• [PROBLEM DESCRIPTION] When you reach the line with "Планируются расширение существующих" in the listing below, transcribe it and each line after it up to and including the line with "10月1日,两位来西城区厂桥", exactly and with nothing else.
── EXTRACTED INFORMATION ──
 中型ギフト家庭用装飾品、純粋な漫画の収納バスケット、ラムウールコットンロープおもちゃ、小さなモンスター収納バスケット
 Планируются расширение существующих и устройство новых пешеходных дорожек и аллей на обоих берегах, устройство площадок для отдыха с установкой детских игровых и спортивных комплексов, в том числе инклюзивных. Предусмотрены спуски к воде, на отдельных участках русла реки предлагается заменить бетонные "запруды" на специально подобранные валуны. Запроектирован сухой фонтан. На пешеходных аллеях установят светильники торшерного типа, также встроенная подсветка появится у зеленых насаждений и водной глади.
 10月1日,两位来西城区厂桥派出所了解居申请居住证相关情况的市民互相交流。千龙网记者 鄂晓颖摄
───
── EXTRACTED INFORMATION ──
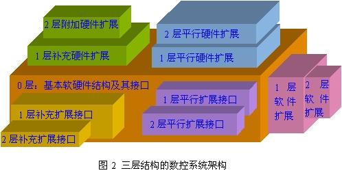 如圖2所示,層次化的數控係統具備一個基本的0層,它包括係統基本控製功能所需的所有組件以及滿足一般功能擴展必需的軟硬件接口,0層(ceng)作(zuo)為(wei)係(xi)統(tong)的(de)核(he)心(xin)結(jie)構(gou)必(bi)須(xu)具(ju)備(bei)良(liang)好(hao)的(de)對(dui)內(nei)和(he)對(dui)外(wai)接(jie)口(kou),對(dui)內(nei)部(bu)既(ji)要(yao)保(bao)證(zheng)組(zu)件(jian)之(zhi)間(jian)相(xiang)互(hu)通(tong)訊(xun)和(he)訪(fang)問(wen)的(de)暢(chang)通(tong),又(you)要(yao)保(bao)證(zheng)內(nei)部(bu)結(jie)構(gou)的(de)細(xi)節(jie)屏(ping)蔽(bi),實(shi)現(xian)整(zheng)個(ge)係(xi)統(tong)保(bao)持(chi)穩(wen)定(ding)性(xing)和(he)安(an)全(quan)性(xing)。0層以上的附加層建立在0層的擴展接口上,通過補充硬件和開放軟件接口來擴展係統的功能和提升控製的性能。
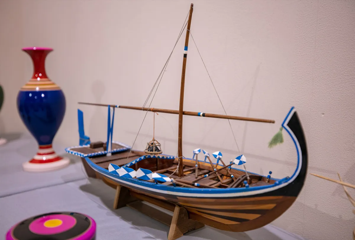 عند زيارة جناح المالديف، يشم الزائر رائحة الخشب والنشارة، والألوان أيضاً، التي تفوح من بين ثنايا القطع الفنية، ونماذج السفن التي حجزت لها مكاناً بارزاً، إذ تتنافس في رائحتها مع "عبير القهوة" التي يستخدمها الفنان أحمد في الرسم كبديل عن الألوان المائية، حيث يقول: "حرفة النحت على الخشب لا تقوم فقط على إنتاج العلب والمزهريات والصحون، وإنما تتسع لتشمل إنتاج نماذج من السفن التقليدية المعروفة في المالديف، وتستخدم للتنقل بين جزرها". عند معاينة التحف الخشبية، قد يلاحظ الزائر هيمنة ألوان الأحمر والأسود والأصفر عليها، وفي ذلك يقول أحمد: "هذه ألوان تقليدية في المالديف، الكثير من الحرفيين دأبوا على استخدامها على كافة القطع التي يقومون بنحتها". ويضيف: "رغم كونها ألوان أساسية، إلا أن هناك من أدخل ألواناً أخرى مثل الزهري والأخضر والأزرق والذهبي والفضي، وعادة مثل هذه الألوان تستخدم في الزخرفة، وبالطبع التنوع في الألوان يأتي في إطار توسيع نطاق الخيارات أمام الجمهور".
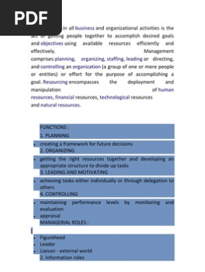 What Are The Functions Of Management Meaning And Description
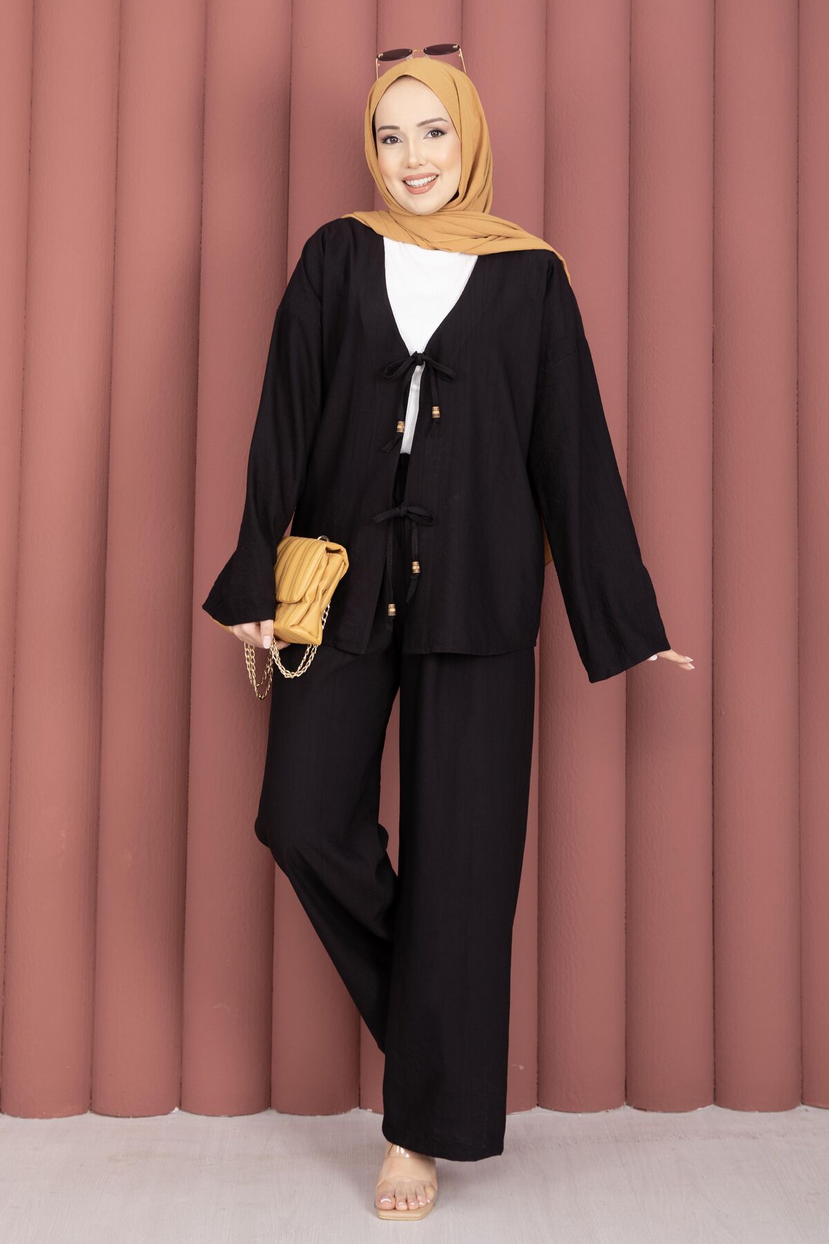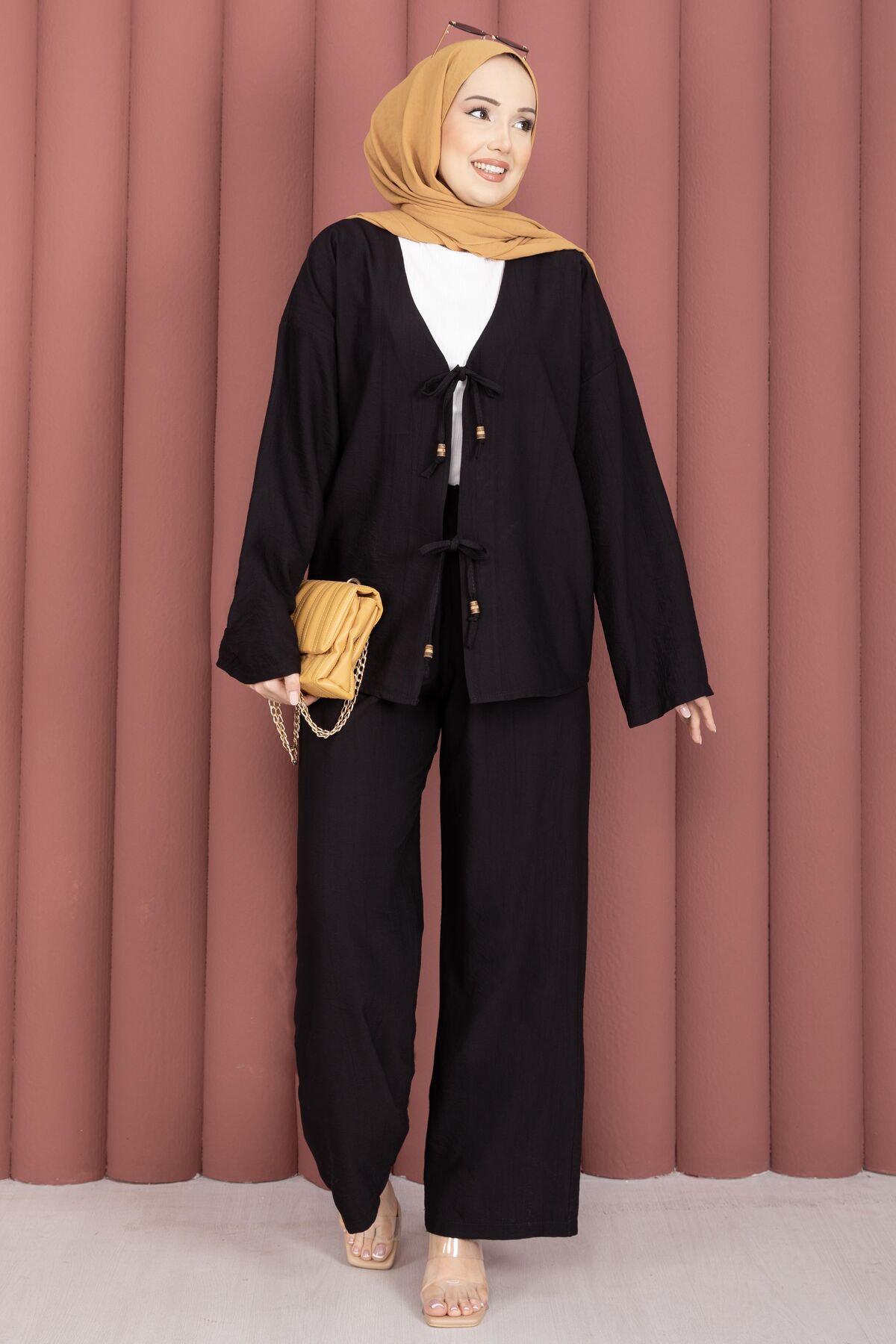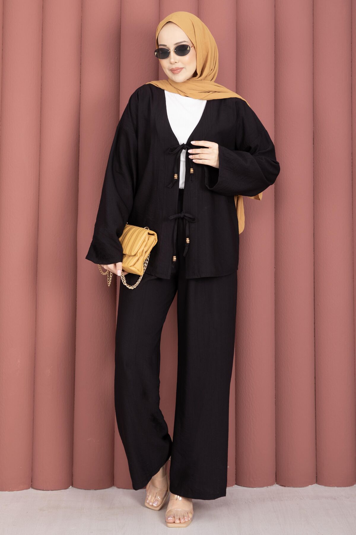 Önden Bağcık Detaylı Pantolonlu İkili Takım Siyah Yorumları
───
── EXTRACTED INFORMATION ──
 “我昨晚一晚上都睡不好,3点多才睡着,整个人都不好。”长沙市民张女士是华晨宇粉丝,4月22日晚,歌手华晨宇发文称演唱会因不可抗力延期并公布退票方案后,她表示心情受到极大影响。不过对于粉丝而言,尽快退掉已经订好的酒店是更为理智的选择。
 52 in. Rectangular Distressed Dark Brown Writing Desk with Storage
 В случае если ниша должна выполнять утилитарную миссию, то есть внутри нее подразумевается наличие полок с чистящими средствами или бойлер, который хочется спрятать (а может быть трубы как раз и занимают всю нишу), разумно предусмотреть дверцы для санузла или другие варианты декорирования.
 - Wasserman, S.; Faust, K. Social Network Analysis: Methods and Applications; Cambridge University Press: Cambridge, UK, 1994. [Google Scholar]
───
• [WRITTEN RESPONSE]
 Планируются расширение существующих и устройство новых пешеходных дорожек и аллей на обоих берегах, устройство площадок для отдыха с установкой детских игровых и спортивных комплексов, в том числе инклюзивных. Предусмотрены спуски к воде, на отдельных участках русла реки предлагается заменить бетонные "запруды" на специально подобранные валуны. Запроектирован сухой фонтан. На пешеходных аллеях установят светильники торшерного типа, также встроенная подсветка появится у зеленых насаждений и водной глади.
 10月1日,两位来西城区厂桥派出所了解居申请居住证相关情况的市民互相交流。千龙网记者 鄂晓颖摄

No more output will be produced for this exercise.